The second impression is that the (equally more than million dollar) question is whether and how this approach takes account of those with cognitive impairments. I do not anticipate that Cath Roper and her fellow authors would assert that they speak on behalf (for instance) of those with dementia, or those with impairments which cannot – in truth – be characterised as ‘mental distress.’ But the approach laid out so clearly in this chapter again gives rise to the question of how the ‘abolitionist’ interpretation of the CRPD is intended to apply to those with such impairments.

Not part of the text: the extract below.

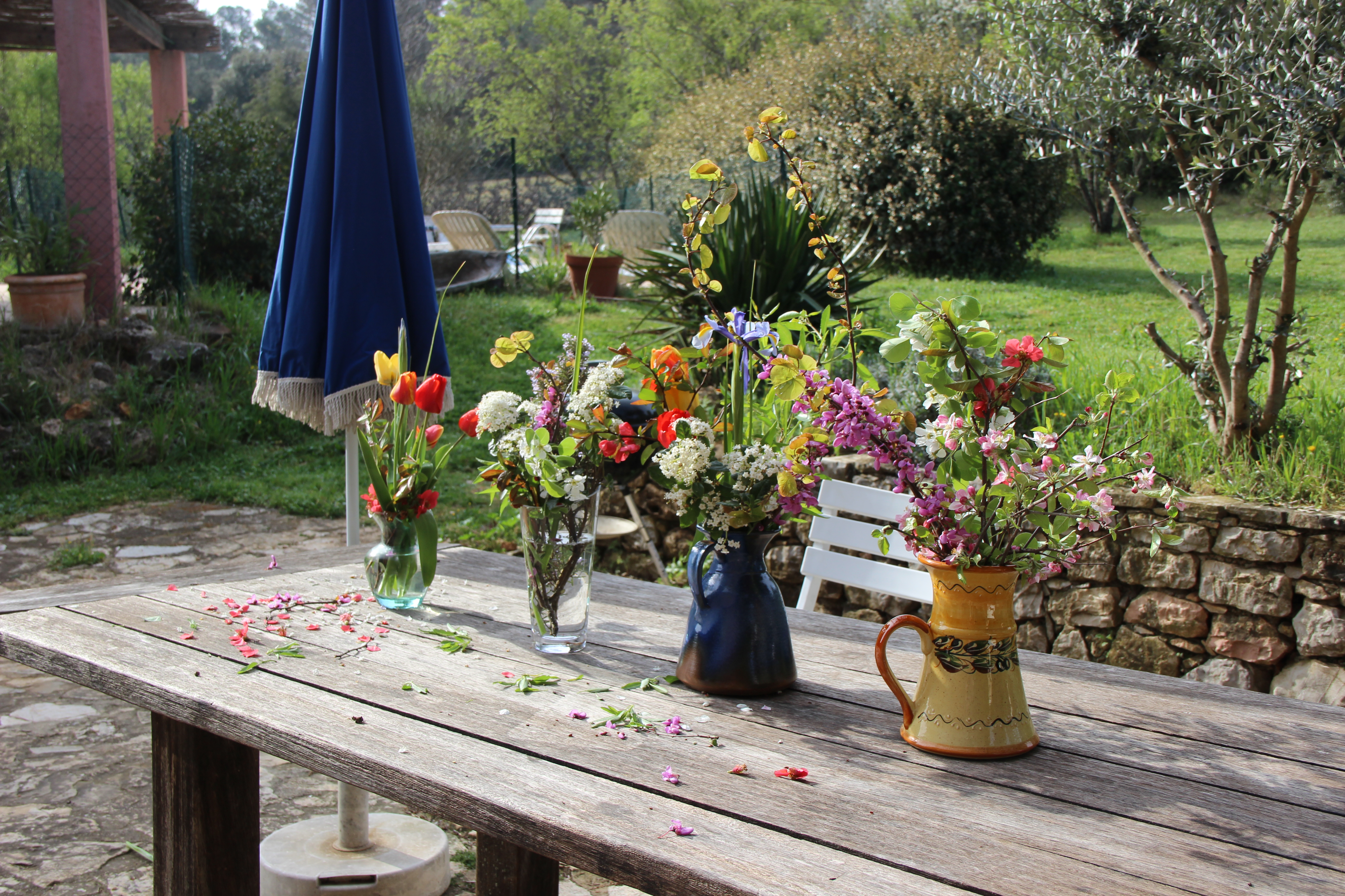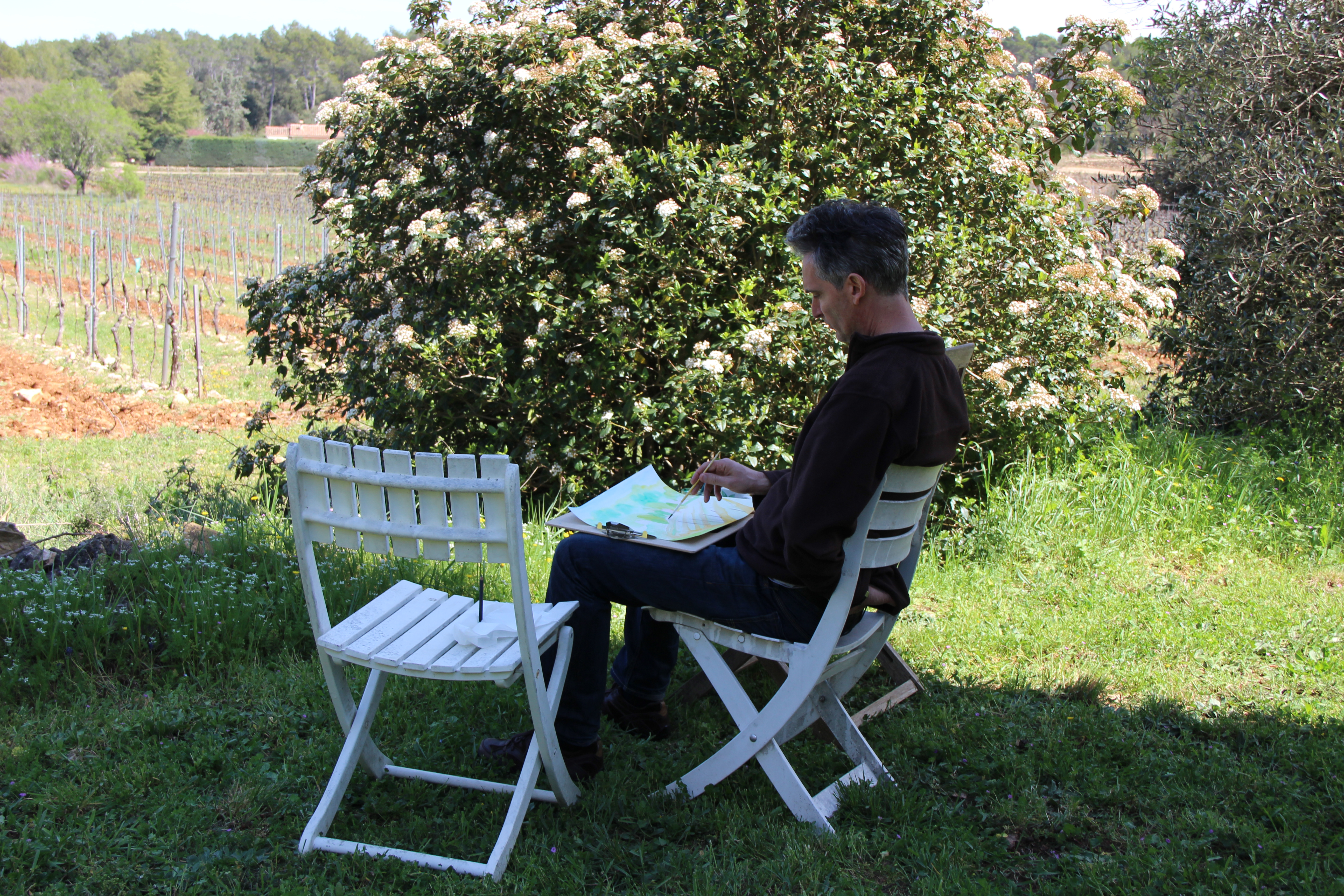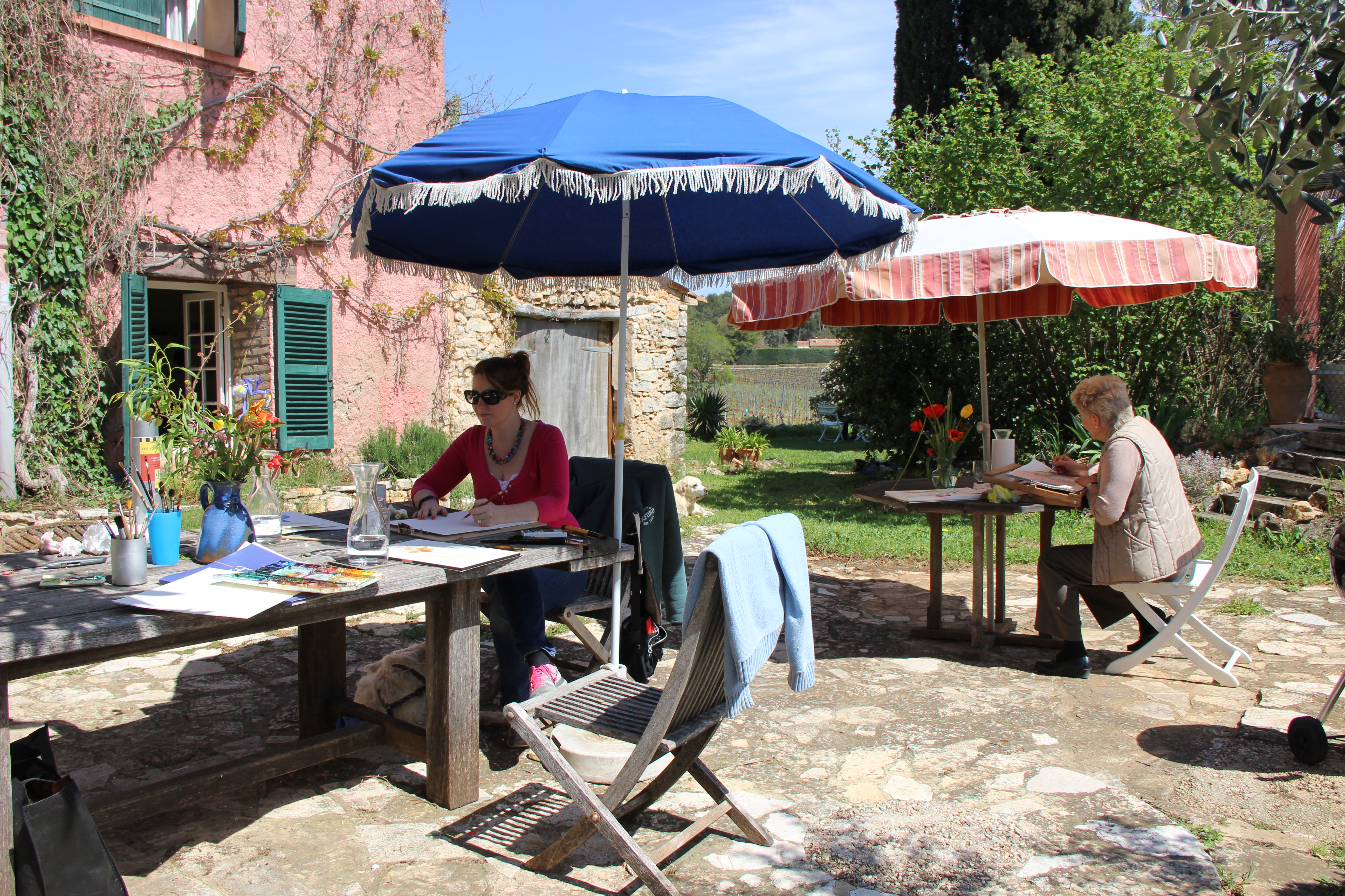 Anyone can paint, all you need is the freedom to let yourself enjoy the process and the magic of paper, water and paint will keep you happy for hoursJohn gave himself the very difficult task of painting the verticals and horizontals of the vineyards, not an easy task with several view points to confuse the painter. A beautiful painting was started, we hope you come back soon John.Eddie and Bluebelle painting masterpieces under the lilac tree which is now in bloom and smelling divine.Ruby painting a very beautiful still life. Blue Jug and wild flowers. Anne painting our pretty pink house

This question is posed, tantalisingly, but then (to me at least) frustratingly not entirely answered in Kim Chandler’s chapter on the regulation of restrictive practices on people with intellectual impairment. The chapter – with an Australian focus, but raising issues equally applicable in England & Wales – poses hard-hitting questions, and rightly challenges an approach solely based upon authorisation of restrictive practices, as opposed to seeking to enforce positive obligations on those seeking to use such practices. One of the scenarios Chandler gives at the outset is that of:
Alfred, aged 75 years, lives in an aged care facility. He has early stage dementia. He would prefer to live at home, but he lives on his own and following a number of admissions to hospital both his family and the hospital social worker thought it best he lived somewhere he could have 24 hours a day care and support. Some days he becomes distressed and asks to go home, but he eventually calms down. There is a keypad entrance to the facility and Alfred does not know the combination so he cannot exit or enter without the supervision of staff. Staff are concerned that he would wander off and become lost or be hit by a car if he was allowed to come and go as he pleased. On occasion, medication that has a sedative effect is administered when Alfred becomes distressed.
Chandler’s chapter rigorously examines the shortcomings of ‘proceduralism’ in response to a situation such as Alfred’s, but – for me at least – does not entirely satisfactorily address the operation of the State’s positive obligation to secure life under Article 10 CRPD in relation to the situation where a person such as Alfred has later stage dementia (see also here).
The third impression is that the book provides a substantial body of evidence that progress towards reducing restraint is most effectively achieved by a combination of (a) legal frameworks that (1) make it more difficult but (2) provide other ways in which to enable professionals to respond to what they perceive to be risk to or from the person (as to which, this literature review is very helpful); and (b) the creation of alliances between all concerned to implement those frameworks. For my part, it seems to me that the more that the focus can be placed upon ensuring that the state is not solely offering (or overseeing) the response to serious crisis, the easier – it seems to me – that it is possible to secure alliances. Put another way, please keep banging the drum for Article 19 CRPD, as it means the dilemmas posed by Articles 12 and 14 CRPD become less challenging across the piece.
[Full disclosure, I was provided with an inspection copy of this book by the publishers. I am always happy to review books in the field of mental capacity and mental health law (broadly defined).]